The purser, a young and ambitious officer by the name of Emil Pedersen came on deck and approached us. "Please, sirs and madams, it is necessary that you go to your cabins now, quickly as you can," he told us in slightly accented English.

Emil was young and good-looking enough to have captured some initial interest from my teenaged daughters, but that faded when we found out all he could talk about was his lovely wife and baby boy back home. His deportment was correct at all times, as was the behavior of the entire contingent of ship's officers and crew, actually. He'd been seated at the same table as my daughters, Danielle, and I several times.

Now, he was clearly agitated and only just hanging on to his composure. I wondered what could so unnerve him and the rest of the crew on such a bright, clear morning.
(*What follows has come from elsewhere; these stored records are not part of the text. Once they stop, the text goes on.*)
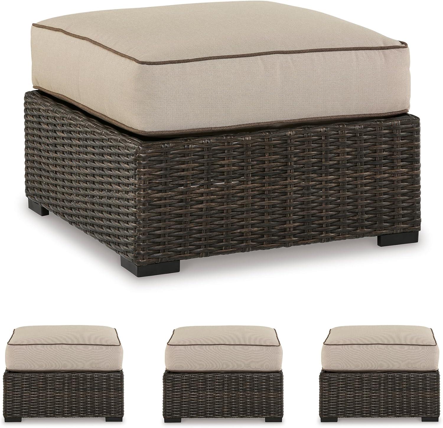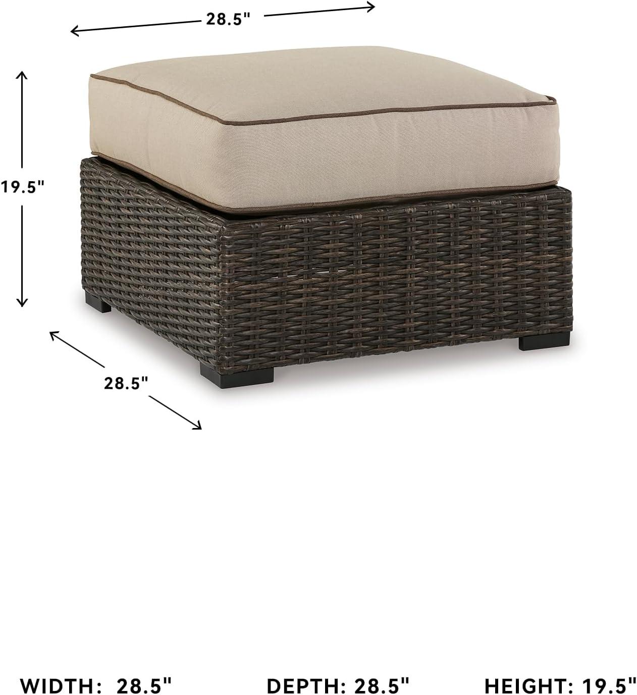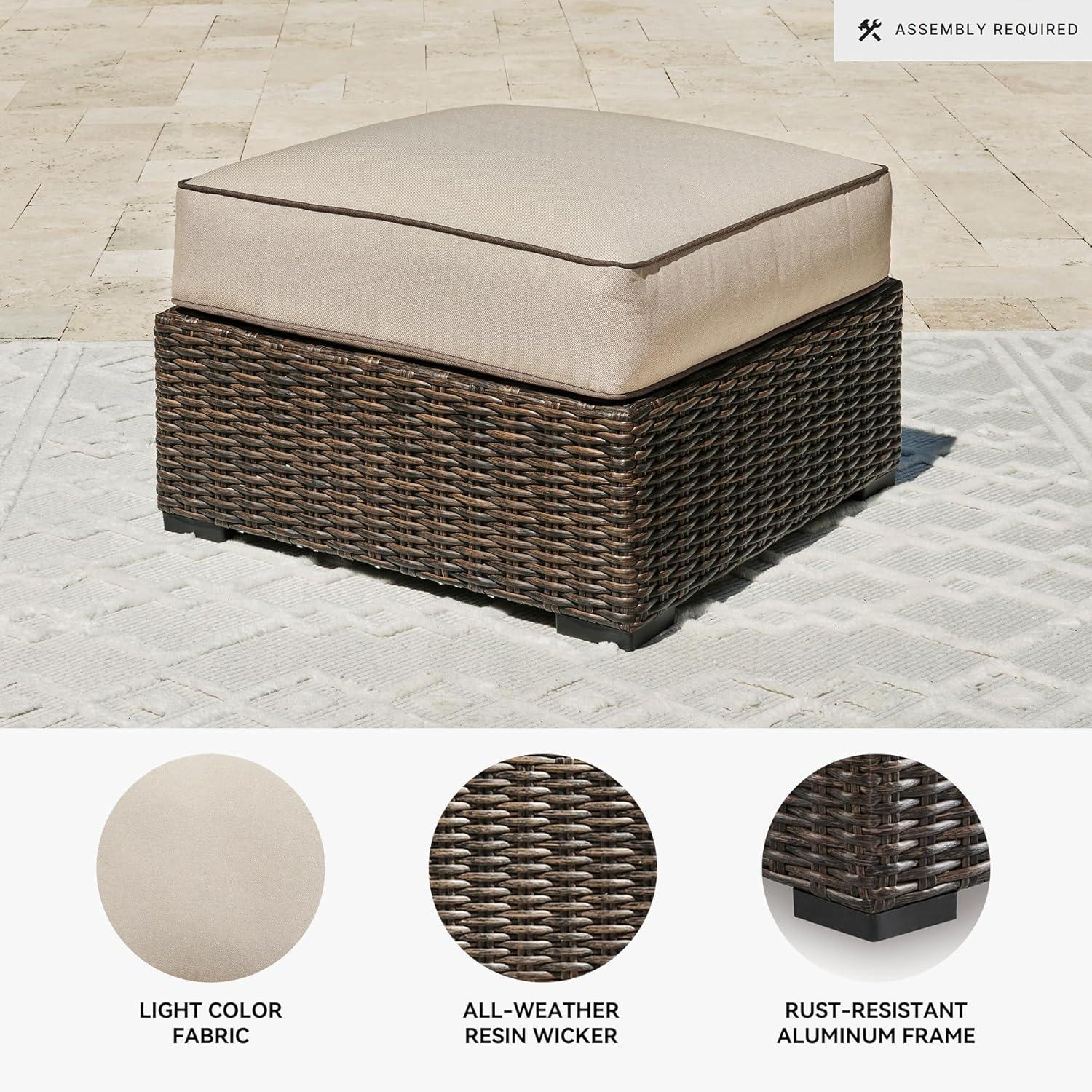 Signature Design by Ashley Coastline Bay Casual Weather Resistant Outdoor Loveseat with Cushion and 2 Throw Pillows, Nuvella Weather Resistant Fabric, Beige & Dark Brown(Outdoor Ottoman with Cushion)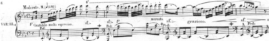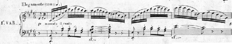 The first two variations are always written in the same tempo (or very close) although they present different characters. We can also find a slower variation, usually the third one (the fourth in the case of the Variaciones sobre el himno de Riego, op 28), which is also in minor mode).
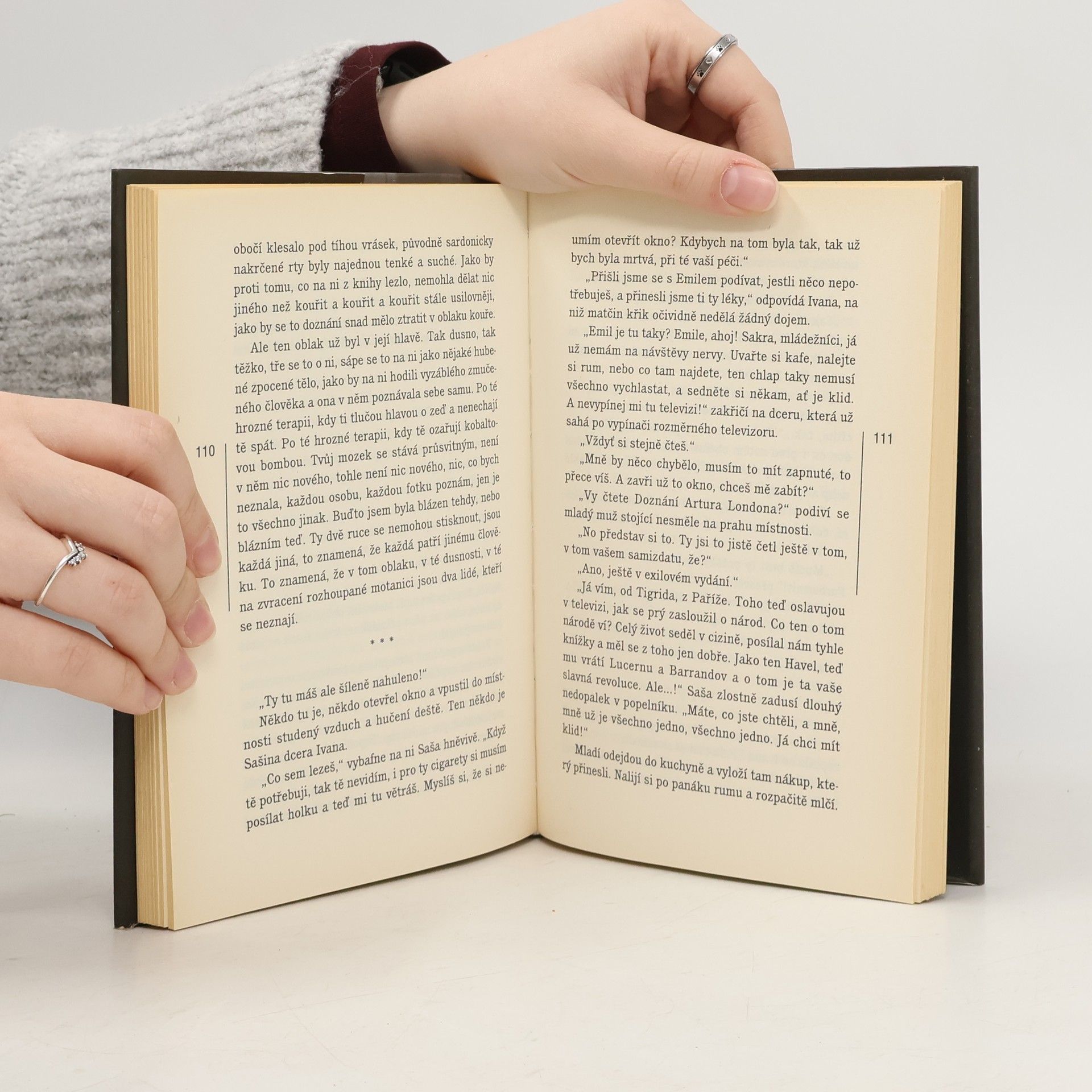 Příběh v deseti povídkách. Jednou z nejvýraznějších literárních událostí posledních let se bezesporu stala povídková kniha Jana Balabána Možná že odcházíme. Byla nominována na Státní cenu, zvítězila v anketě Lidových novin o Knihu roku 2004 a v roce následujícím získala i cenu Magnesia Litera za prózu. Autor se stal od té doby v literatuře pojmem, a tím větší očekávání vzbuzuje jeho nový titul. Balabán se v něm ocitá skutečně na hraně. Podobně jako v předchozí knize nacházíme hrdiny povídek v okamžicích životního zlomu, kdy se hroutí jejich minulé životy: komunistická herečka Alexandra umírající na rakovinu, Ludvík Chmelnický bojující s astmatem, opuštěný Emil ocitající se na pokraji sebevraždy nebo Světlana zlomená rodinnou tragédií. Balabán však jde ještě dál. Jeho hrdinové nejsou svazováni jen sítí deformovaných rodinných vztahů či osobních slabostí a běsů, do jejich životů nepřímo zasahují i traumata velkých dějin. Do těchto osudových dramat jdoucích až na dřeň lidské existence však nečekaně vstupuje cosi zvenčí — zaklepání na dveře, úsměv či pohled na obrázek pověšený v kuchyni — světlo, které mobilizuje vnitřní sílu otočit znova přesýpací hodiny lidského života. Jsme tady. Ono „my“ zde neznamená jen to, že se deset povídek nakonec spojí v celek a osudy jednotlivých postav se protnou, říká také, že spolu s nimi jsme i my součástí jednoho nekončícího příběhu, který přináší také útěchu a naději.

"Emil," I said, getting his attention, "what is happening, my friend?"

He shot a quick glance up at the bridge and then back to me. Turning to present his back to the bridge officers, he told me in a low voice, "Pirates, mein herre ... pirates! They are coming."

Silly me. I thought pirates were something that existed in storybooks and history classes. I knew about the ragtag Somali pirates of some years ago, but that was half a world away.

"Please go below, sir," Emil continued. "You must go below."

One of the things I hate about mass transportation is that the people driving the thing, be it a bus, an aircraft, a ship, or whatever—none of them ever want to admit they're out of their depth in any crisis. An engine catches fire on a Boeing 737 and the captain comes on the intercom and remarks there is a slight difficulty ... please fasten your seat belt. Pirates attack, and all passengers must go to their cabins and don't get in the way. Great!

I wanted to go to my cabin actually, but only as a first stop. I'd brought my Glock on board, sneaking past the rather superficial security check with my daughters' help. The officer and two crewmen who'd been manning the checkpoint had been only too happy to help two young American teenage girls when one of their suitcases unexpectedly burst open. While the crew helped Evelyn stuff feminine clothing back into her luggage, I slipped past with the duffle bag with our pistols and ammo. My daughters had had a ball acting the part of two distressed girls, and I had a cache of weapons.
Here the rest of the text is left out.